■ EXERCISE GOAL ■
Begin with the line that holds "Light Vintage washed" and retype through the last line of the listing below, exactly; pictures are not part of the copy.

■ DATASET EXTRACT ■
+++
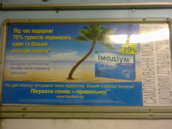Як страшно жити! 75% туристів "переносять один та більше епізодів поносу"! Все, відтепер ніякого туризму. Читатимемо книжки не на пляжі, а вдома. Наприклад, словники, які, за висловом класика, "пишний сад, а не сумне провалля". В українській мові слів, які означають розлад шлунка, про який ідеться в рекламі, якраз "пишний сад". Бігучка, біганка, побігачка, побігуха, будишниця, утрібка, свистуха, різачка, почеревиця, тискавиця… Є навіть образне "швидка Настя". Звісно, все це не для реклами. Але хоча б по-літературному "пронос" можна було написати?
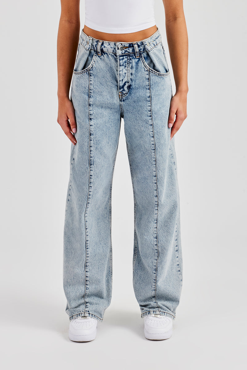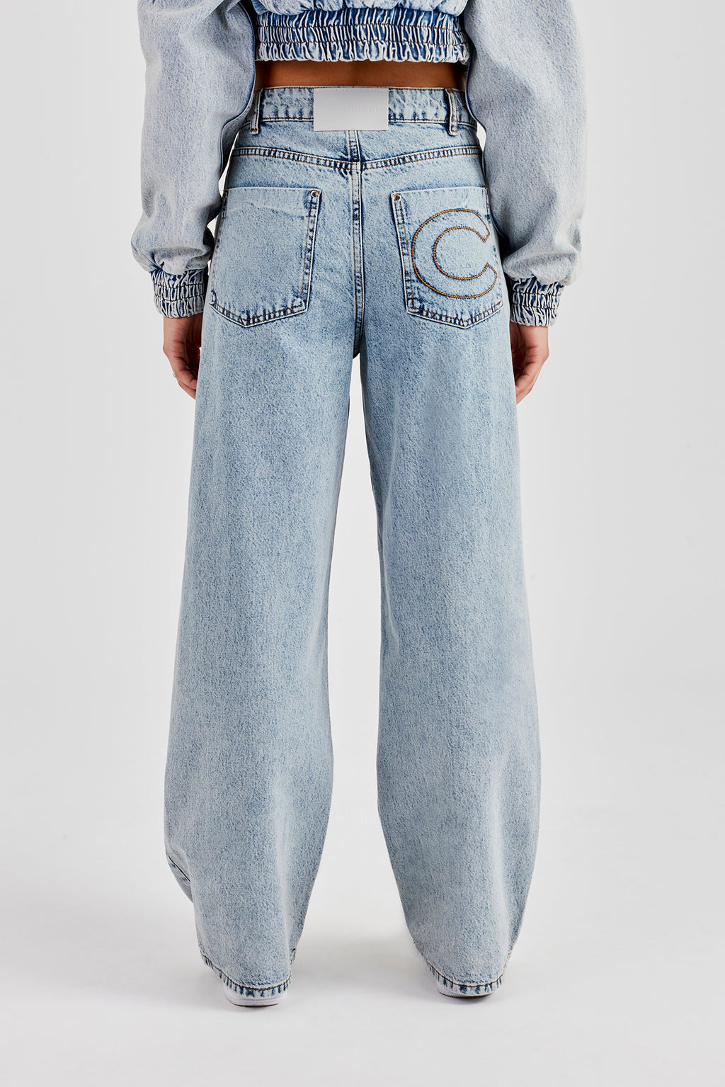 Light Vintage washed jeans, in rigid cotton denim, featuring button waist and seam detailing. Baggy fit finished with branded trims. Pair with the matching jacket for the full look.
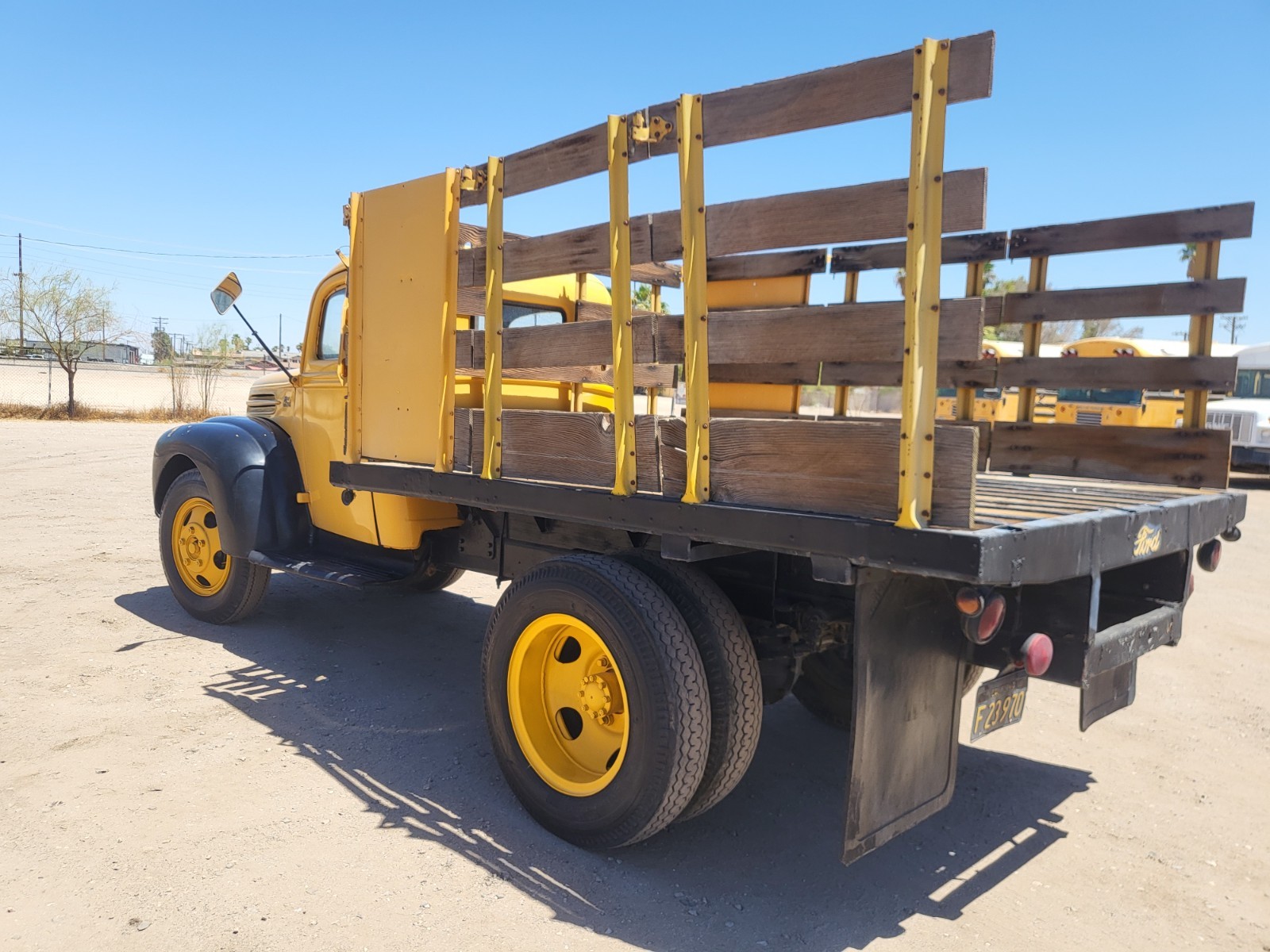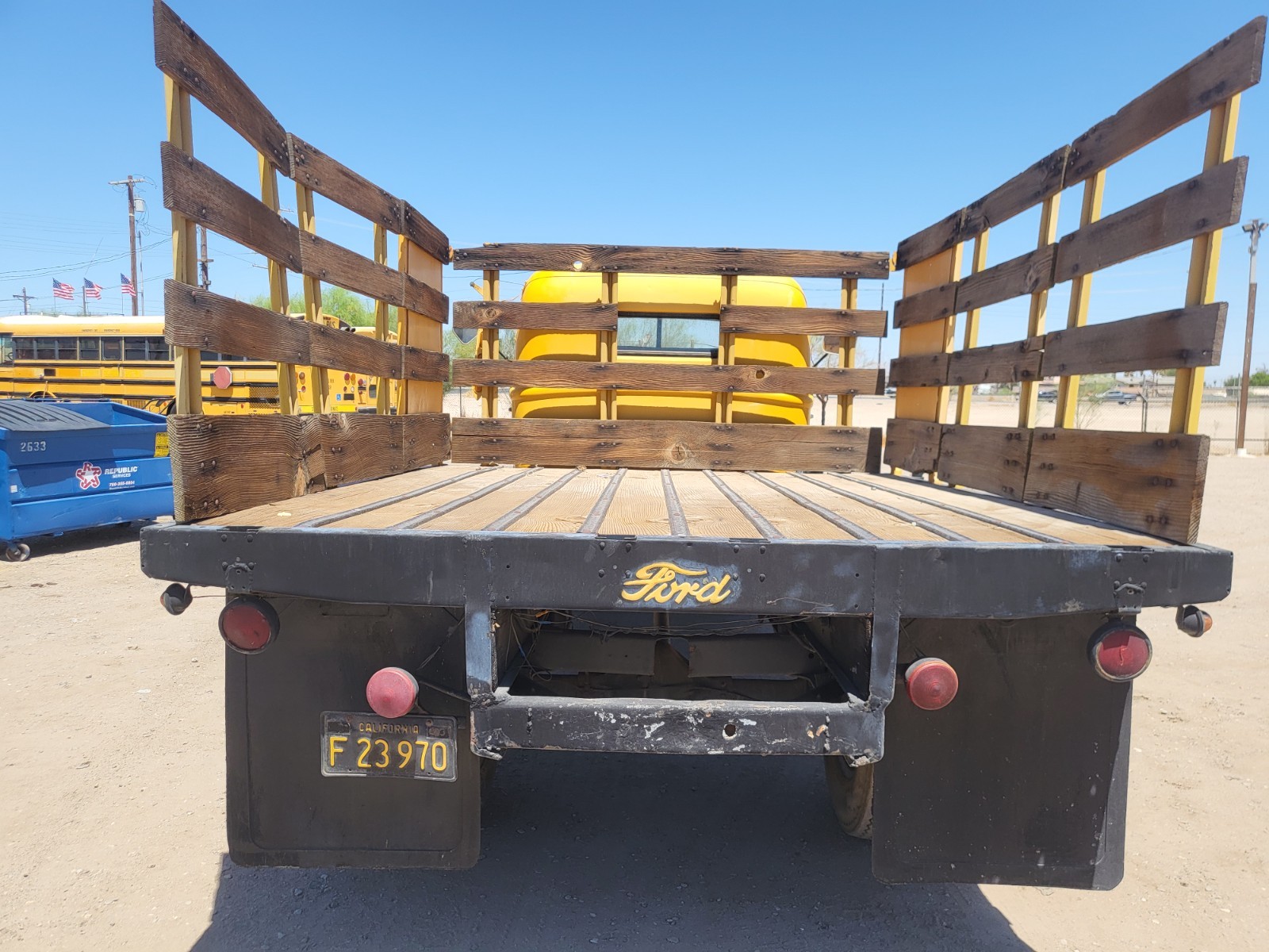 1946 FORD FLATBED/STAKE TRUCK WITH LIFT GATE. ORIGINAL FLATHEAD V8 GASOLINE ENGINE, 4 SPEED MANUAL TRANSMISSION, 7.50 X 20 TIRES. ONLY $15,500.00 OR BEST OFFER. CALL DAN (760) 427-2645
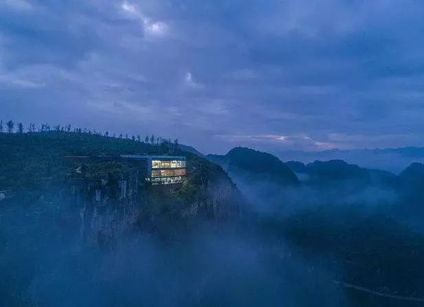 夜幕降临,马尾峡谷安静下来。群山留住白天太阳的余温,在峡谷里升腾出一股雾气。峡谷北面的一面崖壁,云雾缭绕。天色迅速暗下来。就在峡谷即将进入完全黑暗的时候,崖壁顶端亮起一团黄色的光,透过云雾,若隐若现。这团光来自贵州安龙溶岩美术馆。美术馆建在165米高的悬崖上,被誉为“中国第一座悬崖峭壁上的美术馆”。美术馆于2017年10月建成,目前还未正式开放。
+++
■ ANSWER BOX ■
 Light Vintage washed jeans, in rigid cotton denim, featuring button waist and seam detailing. Baggy fit finished with branded trims. Pair with the matching jacket for the full look.
 1946 FORD FLATBED/STAKE TRUCK WITH LIFT GATE. ORIGINAL FLATHEAD V8 GASOLINE ENGINE, 4 SPEED MANUAL TRANSMISSION, 7.50 X 20 TIRES. ONLY $15,500.00 OR BEST OFFER. CALL DAN (760) 427-2645
 夜幕降临,马尾峡谷安静下来。群山留住白天太阳的余温,在峡谷里升腾出一股雾气。峡谷北面的一面崖壁,云雾缭绕。天色迅速暗下来。就在峡谷即将进入完全黑暗的时候,崖壁顶端亮起一团黄色的光,透过云雾,若隐若现。这团光来自贵州安龙溶岩美术馆。美术馆建在165米高的悬崖上,被誉为“中国第一座悬崖峭壁上的美术馆”。美术馆于2017年10月建成,目前还未正式开放。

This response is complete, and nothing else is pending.